Issue: https://github.com/genenetwork/gn-gemtext-threads/blob/main/topics/gn1-migration-to-gn2/clustering.gmi * Update the terminology used: use `sample` in place of `strain` according to Zachary's direction at https://github.com/genenetwork/genenetwork3/pull/37#issuecomment-926043306
author: Frederick Muriuki Muriithi 2021-09-27 04:48:53 +0300
committer: Frederick Muriuki Muriithi 2021-09-27 04:48:53 +0300
commit: 19783a18c2bc7941fc5980e593f19fb1d18c3623 (patch)
tree: f3a6e241be3c6224b9647c8258c516a7b741a28c /gn3/heatmaps.py
parent: 8d9bc0f29ce9208306915b079818e6f0c31785e2 (diff)
download: genenetwork3-19783a18c2bc7941fc5980e593f19fb1d18c3623.tar.gz
1 files changed, 31 insertions, 31 deletions
diff --git a/gn3/heatmaps.py b/gn3/heatmaps.py
index 45d0c22..b6fc6d3 100644
--- a/gn3/heatmaps.py
+++ b/gn3/heatmaps.py
@@ -27,10 +27,10 @@ from gn3.computations.qtlreaper import (
     organise_reaper_main_results)
 
 def export_trait_data(
-        trait_data: dict, strainlist: Sequence[str], dtype: str = "val",
+        trait_data: dict, samplelist: Sequence[str], dtype: str = "val",
         var_exists: bool = False, n_exists: bool = False):
     """
-    Export data according to `strainlist`. Mostly used in calculating
+    Export data according to `samplelist`. Mostly used in calculating
     correlations.
 
     DESCRIPTION:
@@ -40,8 +40,8 @@ def export_trait_data(
     PARAMETERS
     trait: (dict)
       The dictionary of key-value pairs representing a trait
-    strainlist: (list)
-      A list of strain names
+    samplelist: (list)
+      A list of sample names
     dtype: (str)
       ... verify what this is ...
     var_exists: (bool)
@@ -49,18 +49,18 @@ def export_trait_data(
     n_exists: (bool)
       A flag indicating existence of ndata
     """
-    def __export_all_types(tdata, strain):
+    def __export_all_types(tdata, sample):
         sample_data = []
-        if tdata[strain]["value"]:
-            sample_data.append(tdata[strain]["value"])

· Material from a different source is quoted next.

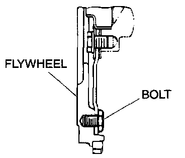 CAUTION: Do not remove the flywheel mounting bolt shown by the arrow. If this bolt is removed, the flywheel will become out of balance and damaged.
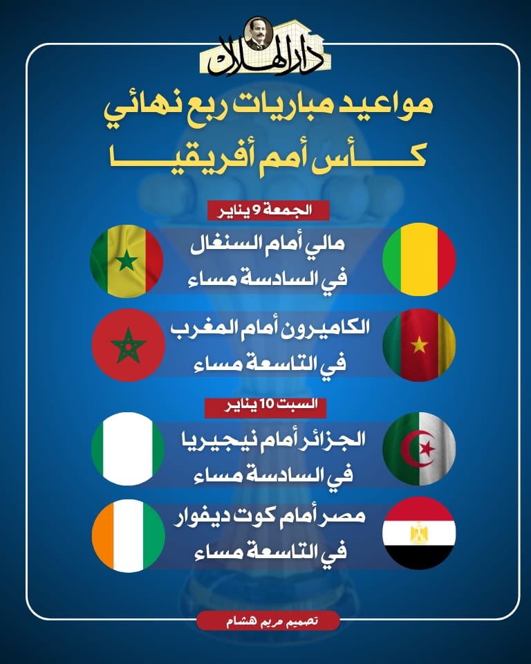 كأس أمم أفريقيا..مواعيد مباريات دور ربع النهائي| إنفو جراف

+        if tdata[sample]["value"]:
+            sample_data.append(tdata[sample]["value"])
             if var_exists:
-                if tdata[strain]["variance"]:
-                    sample_data.append(tdata[strain]["variance"])
+                if tdata[sample]["variance"]:
+                    sample_data.append(tdata[sample]["variance"])
                 else:
                     sample_data.append(None)
             if n_exists:
-                if tdata[strain]["ndata"]:
-                    sample_data.append(tdata[strain]["ndata"])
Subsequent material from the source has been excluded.